Document Auth0 configuration steps for tenants, apps etc.

[nealmcb]

Arlo now relies exclusively on https://auth0.com/ for login and authentication. Setting up an tenant, configuring its Auth0 Dashboard, connecting it with the application, etc are tricky but important steps. They need to be documented.

656 is a start.

These steps should be included (and corrected if necessary):

• Create an app for Arlo as a single page application(?)
• Copy down the Domain, Client ID and Client Secret from the app.
• Configure the app's Allowed Callback URLs with something like http://localhost:3000/auth/auditadmin/callback.

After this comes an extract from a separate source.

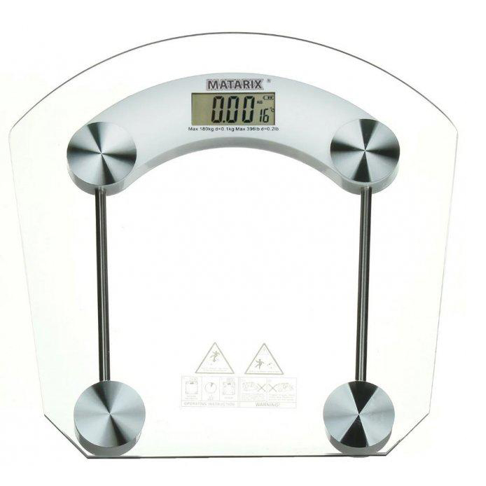 Ваги для підлоги електронні MATARIX MX 451B з платформою із загартованого скла. Ваги належать до електронного обладнання, вони живляться від невеликої батареї та мають функцію аналізу ваги. Точність вимірювання ваг допускає похибку 100 грам. Максимальне навантаження на ваги -180 кг.
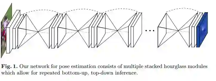 这是一篇具有里程碑意义的论文,它引入了一种新颖而直观的架构,并击败了以往的所有方法。它被称为堆叠式沙漏网络,因为网络包括池化和上采样层的步骤,这些层看起来像沙漏,并且这些被堆叠在一起。沙漏的设计是由于需要捕获各种规模的信息。

What is the relationship between an "organization" as documented in the README and a "Jurisdiction" like a county within a State, and a "Jurisdiction" as listed in a jurisdiction_filesheet.csv as uploaded by an Arlo administrator?

Do the email addresses used in create-admin have to match tenant Auth0 ids, or are the generated UUIDs used when matching somehow or what?

For testing purposes, can the same email address and/or Auth0 tenant be both an Arlo admin and a Jurisdiction admin?

More config is evidently necessary to get around the 404 Not Found errors I'm getting when I click on Log in as a Jurisdiction Admin and get to http://localhost:3000/authorize?response_type=code&client_id=&redirect_uri=http%3A%2F%2Flocalhost%3A3000%2Fauth%2Fju..

[benadida]

@nealmcb Auth0 is not required, just any OAuth server is. Auth0 is a good one, though. I wouldn't want to add Auth0-specific documentation to this repository when Auth0 does a fine job of explaining their own product.

Agreed that we could use more documentation on what needs to be configured, though it may take us a little bit of time to get to it.